Beneath this line are entries. Copy the range from the line with "वैदेशिक रोजगार विभागले" to the line with "This double coil", ends included, exactly; leave pictures out.

→ **GIVEN RECORDS**
BEGIN
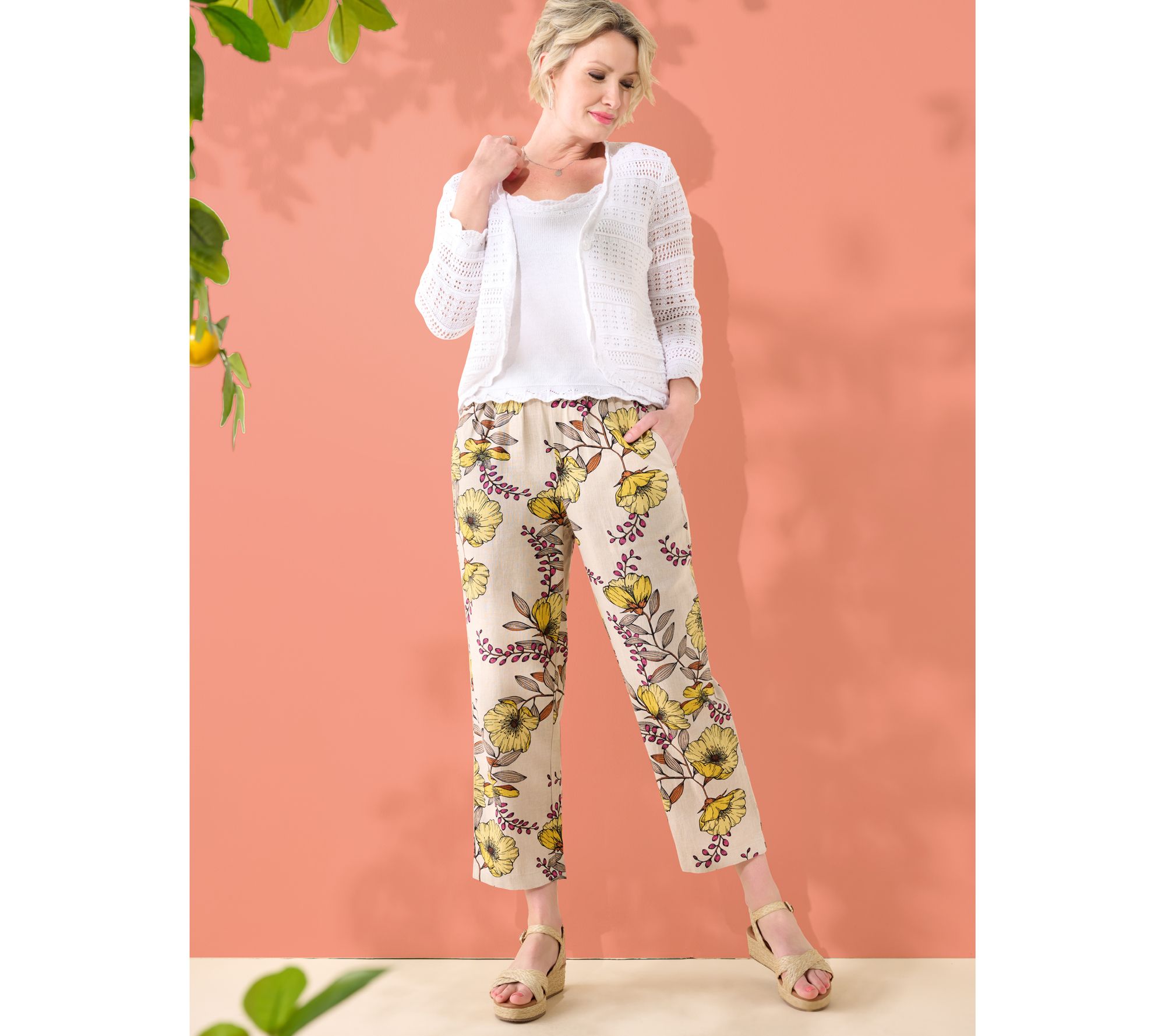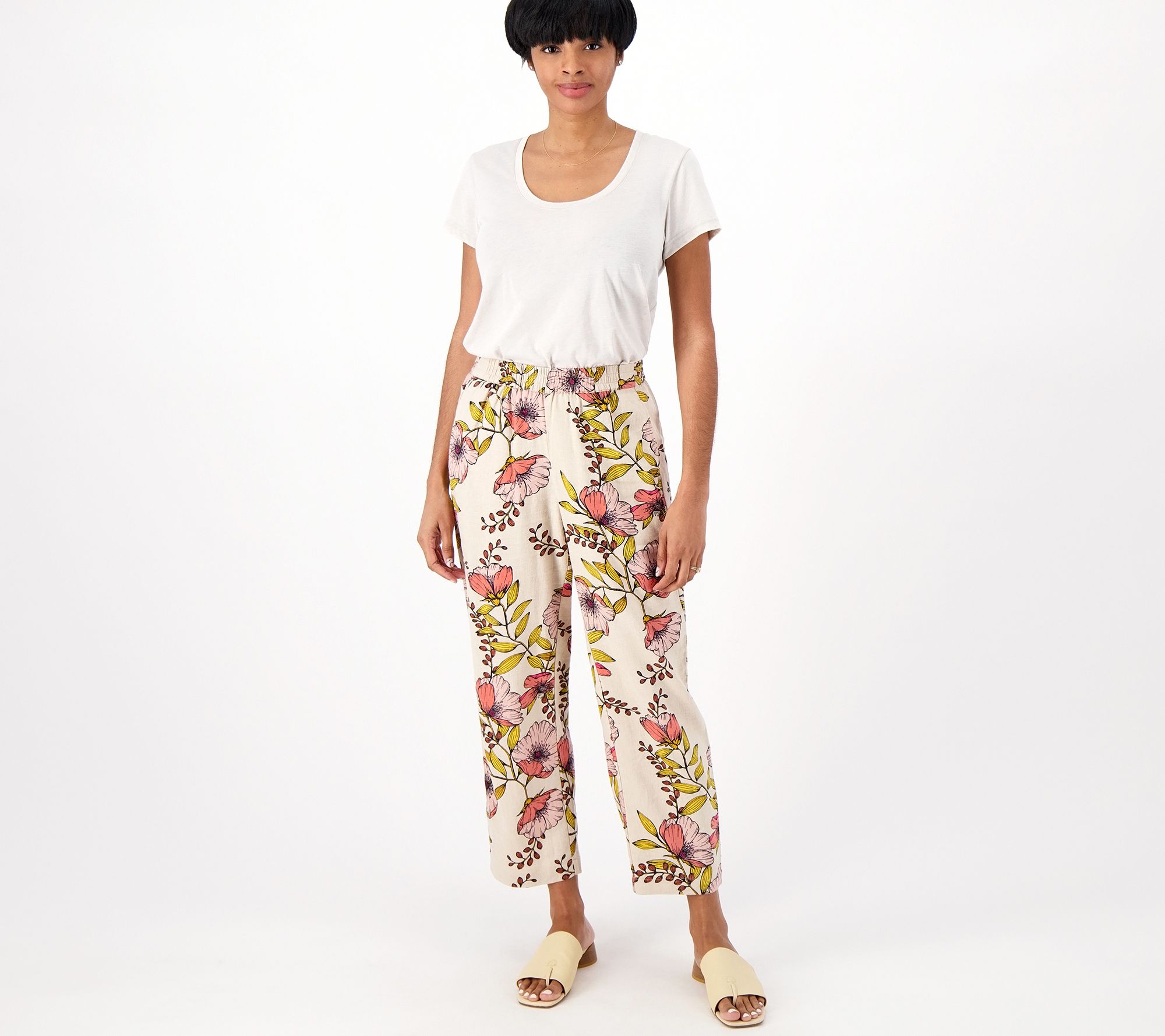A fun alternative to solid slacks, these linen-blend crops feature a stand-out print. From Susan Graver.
END
BEGIN
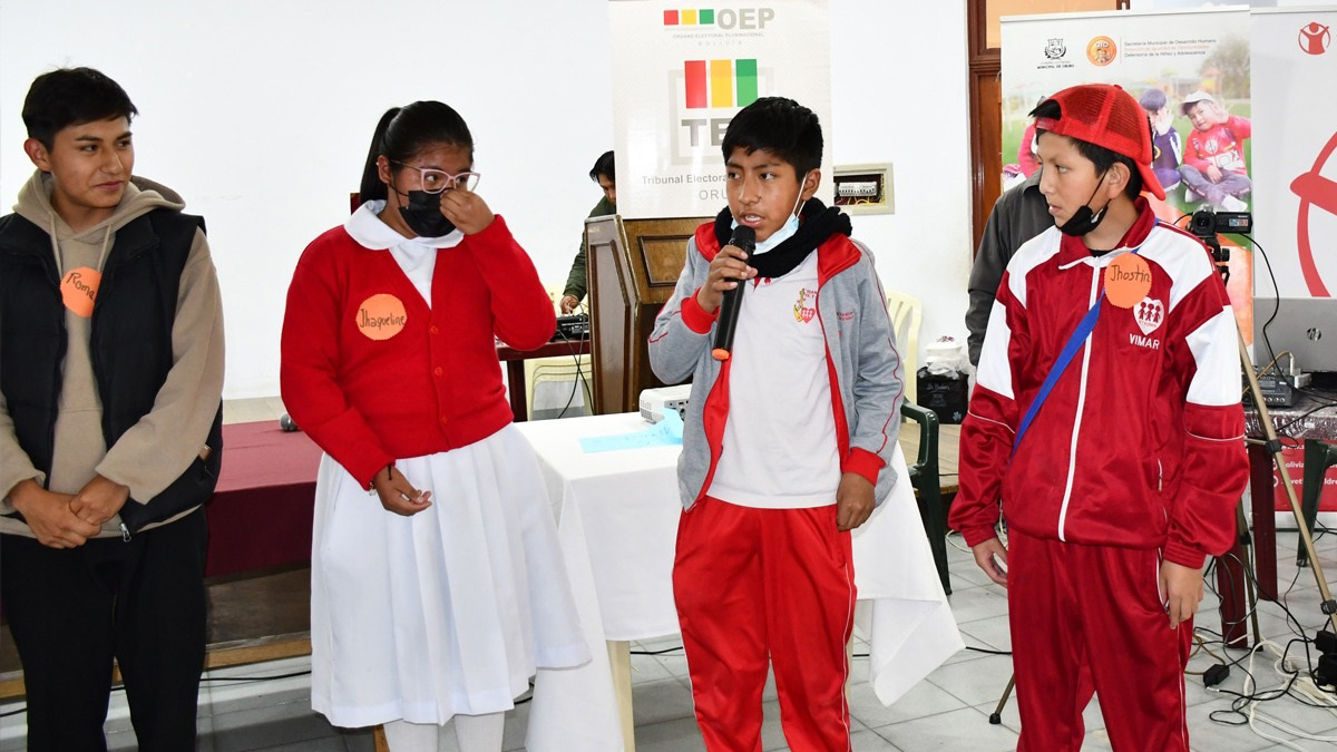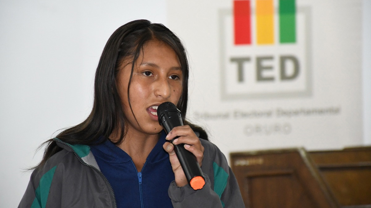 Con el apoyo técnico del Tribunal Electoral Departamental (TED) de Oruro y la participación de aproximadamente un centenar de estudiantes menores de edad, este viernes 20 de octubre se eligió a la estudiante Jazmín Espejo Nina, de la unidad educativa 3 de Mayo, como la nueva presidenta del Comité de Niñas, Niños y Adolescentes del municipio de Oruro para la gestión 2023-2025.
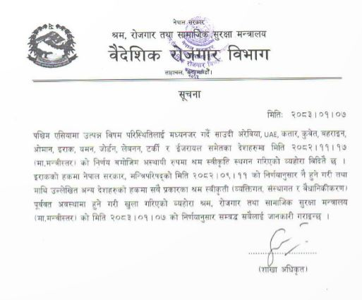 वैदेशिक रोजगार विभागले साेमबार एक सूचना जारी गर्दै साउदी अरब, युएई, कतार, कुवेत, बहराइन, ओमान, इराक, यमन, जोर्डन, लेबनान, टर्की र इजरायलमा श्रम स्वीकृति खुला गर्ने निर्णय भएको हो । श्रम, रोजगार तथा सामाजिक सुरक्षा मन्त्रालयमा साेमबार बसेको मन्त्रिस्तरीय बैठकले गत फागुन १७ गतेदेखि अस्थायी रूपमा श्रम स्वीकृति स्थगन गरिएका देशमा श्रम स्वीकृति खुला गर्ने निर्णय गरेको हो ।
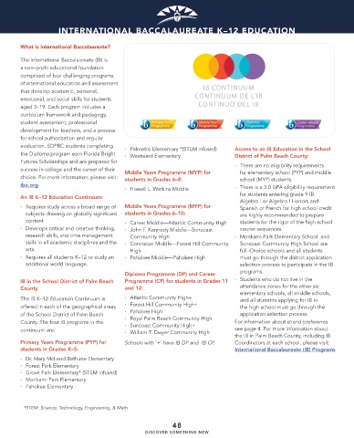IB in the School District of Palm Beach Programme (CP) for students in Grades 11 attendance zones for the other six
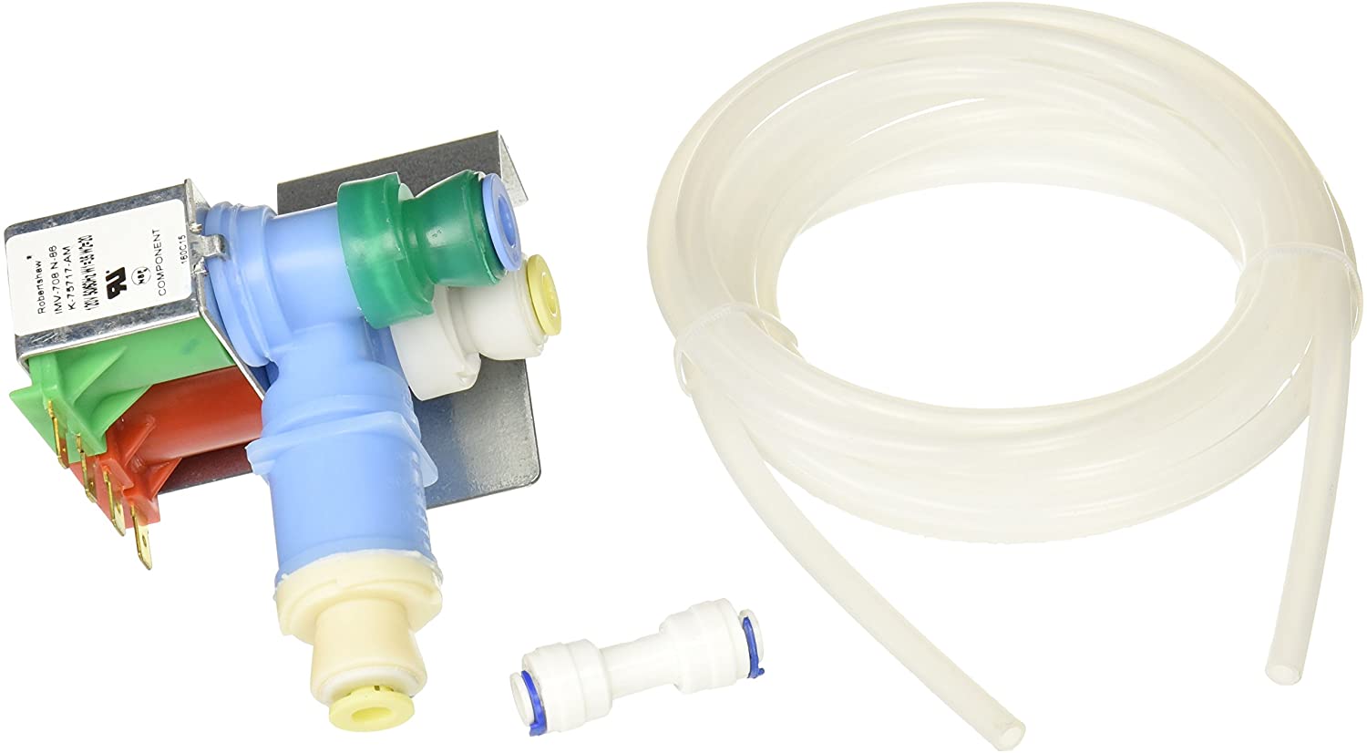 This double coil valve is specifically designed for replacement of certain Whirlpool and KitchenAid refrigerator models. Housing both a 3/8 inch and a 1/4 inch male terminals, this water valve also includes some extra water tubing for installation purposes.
END
BEGIN
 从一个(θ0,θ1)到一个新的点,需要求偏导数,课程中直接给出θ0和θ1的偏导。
END
→ **RESPONSE TO THIS TASK**
 वैदेशिक रोजगार विभागले साेमबार एक सूचना जारी गर्दै साउदी अरब, युएई, कतार, कुवेत, बहराइन, ओमान, इराक, यमन, जोर्डन, लेबनान, टर्की र इजरायलमा श्रम स्वीकृति खुला गर्ने निर्णय भएको हो । श्रम, रोजगार तथा सामाजिक सुरक्षा मन्त्रालयमा साेमबार बसेको मन्त्रिस्तरीय बैठकले गत फागुन १७ गतेदेखि अस्थायी रूपमा श्रम स्वीकृति स्थगन गरिएका देशमा श्रम स्वीकृति खुला गर्ने निर्णय गरेको हो ।
IB in the School District of Palm Beach Programme (CP) for students in Grades 11 attendance zones for the other six
 This double coil valve is specifically designed for replacement of certain Whirlpool and KitchenAid refrigerator models. Housing both a 3/8 inch and a 1/4 inch male terminals, this water valve also includes some extra water tubing for installation purposes.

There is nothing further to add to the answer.